Even if improvements in life expectancy continue at a slower pace, “the reality is that those people approaching retirement age should be expecting to spend 20 or even 30 years in retirement, which requires serious financial planning, particularly for those people who won’t have a generous defined benefit pension to fall back on”, he added.
State Street Global Advisors senior DC investment strategist Maiyuresh Rajah agreed, stating: “Whether there has been a slowdown in the rising rates of life expectancy or not, it does not change the fact that retirement looks very different for the retirees of today and the future compared to the retirees of the past. People are already living longer than previous generations and the three stage life model of the past, where people move from education to employment to retirement is already outdated.”
According to PTL managing director and PLSA chair Richard Butcher, rising longevity has long been a double-edged sword and therefore its slowdown “isn’t bad news for pension saving”.
“For a DB scheme, increased life expectancy has meant more expensive schemes – with the employer picking up the tab. This has contributed to their demise.
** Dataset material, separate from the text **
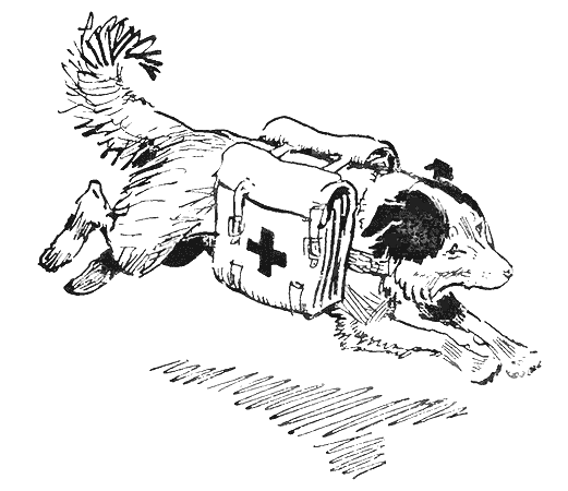 И Малыш помчался вперёд по дороге, чуть прижимая уши при свисте пуль. Он долго бегал по лесу, ловя чутким носом нужный ему запах. Внезапно ноздри его расширились, и он кинулся вперёд по следу. В густом ельнике он нашёл одного из тех, кого искал. Связист был мёртв. Снег вокруг был окровавлен. Малыш подобрался к связисту и, повинуясь своему собачьему инстинкту, тихонько завыл. Потом, вспомнив, чему его учили, он отошёл от мёртвого и продолжал поиски. В маленьком овражке он обнаружил скоро и второго связиста. Тяжело раненный, он лежал в полузабытьи, раскинув в стороны руки. Малыш потянул его зубами за рукав, тихонько повизгивая, начал лизать лицо, руки. Раненый приоткрыл глаза, медленно приходя в сознание. Он схватился рукой за ошейник собаки, и Малыш, виляя хвостом, повернулся к нему боком, где в кармашке санитарного вьюка были надёжно укреплены фляги с водкой и водой.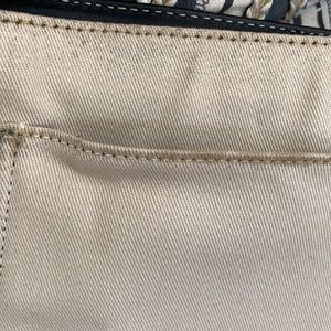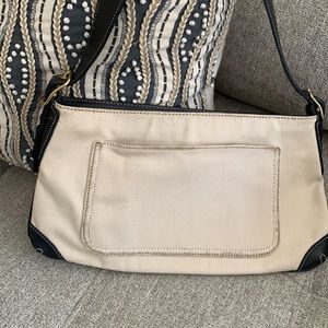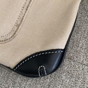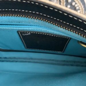 Vintage canvas Coach purse with black leather handle and trim. This purse was barely used but does have some marks on front and back of bag near the stitching. Could be cleaned but I did not want to mess with it. Inside zippered compartment and back compartment. Pretty blue interior lining in perfect shape - no stains.

Flattening or slowing increases in life expectancy will ease the financial pressure on those employers. For a DC scheme member, increased life expectancy has meant having to make their savings last longer. Flattening or slowing life expectancy will ease that pressure.
“In other words, this isn’t bad news for pension saving. Reducing life expectancy may mean shorter lives, but it also means more affordable pensions,” he explained.
Quantum Advisory senior consultant and actuary Simon Hubbard agreed, stating that the slowing of life expectancy improvements since 2013 has knocked approximately 5 per cent off the liabilities of a typical DB pension scheme, equivalent to £75 billion across all UK schemes.
“This offers welcome relief for schemes facing liability increases of around 30 per cent as a result of falling gilt yields. Not all pension scheme trustees will have incorporated the latest evidence on life expectancy in their scheme valuations yet, perhaps taking a cautious approach to see if the trend continues or is just a blip,” he said.
If future life expectancy improvements continue at a much lower rate than previously expected, this could knock another 2-4 per cent off DB pension scheme liabilities, Hubbard added.
For DC, Hubbard stated the cost of buying an annuity will have come down by about 3-4 per cent since 2013 as a result of life expectancy changes (albeit only offsetting an increase of around 20 per cent from falling gilt yields).
If the longevity slowdown trend continues it could knock another 2-3 per cent off the cost of buying an annuity, he added.
However, Hubbard noted that both trustees and insurers will be cautious about reducing their assumptions for future life expectancy and will wait to see if the trend continues or is “just a blip”.
AMNT co-chair David Weeks echoed this, noting that the UCLs’ findings confirm projections that have been under discussion for some weeks, with opinions varying as to the causes of the slowdown.
“Trustees do not, of course, have any policy remit for taking remedial action. We will need to take into account latest data when we come to update our valuations of liabilities and assets. Other factors will apply here, too, of course. There is, for example, a change in the latest headline inflation figure. I suspect that most trustee boards will wish to take a measured approach to changes in valuation assumptions,” he said.
Standard Life Investments investment director George Emmerson warned that mortality tables “can be affected by a specific event, bad weather, widespread illness etc so it’s always worth treating them with a slight pinch of salt and looking at long-terms trends to see if there are any tail event numbers that have distorted the trend”.
Therefore, PLSA head of governance and investment Joe Dabrowski suggested DB trustees look carefully at the proportion of more affluent members in their scheme to ensure they have the right funding plans in place, due to the longevity disparity between different socio-economic groups.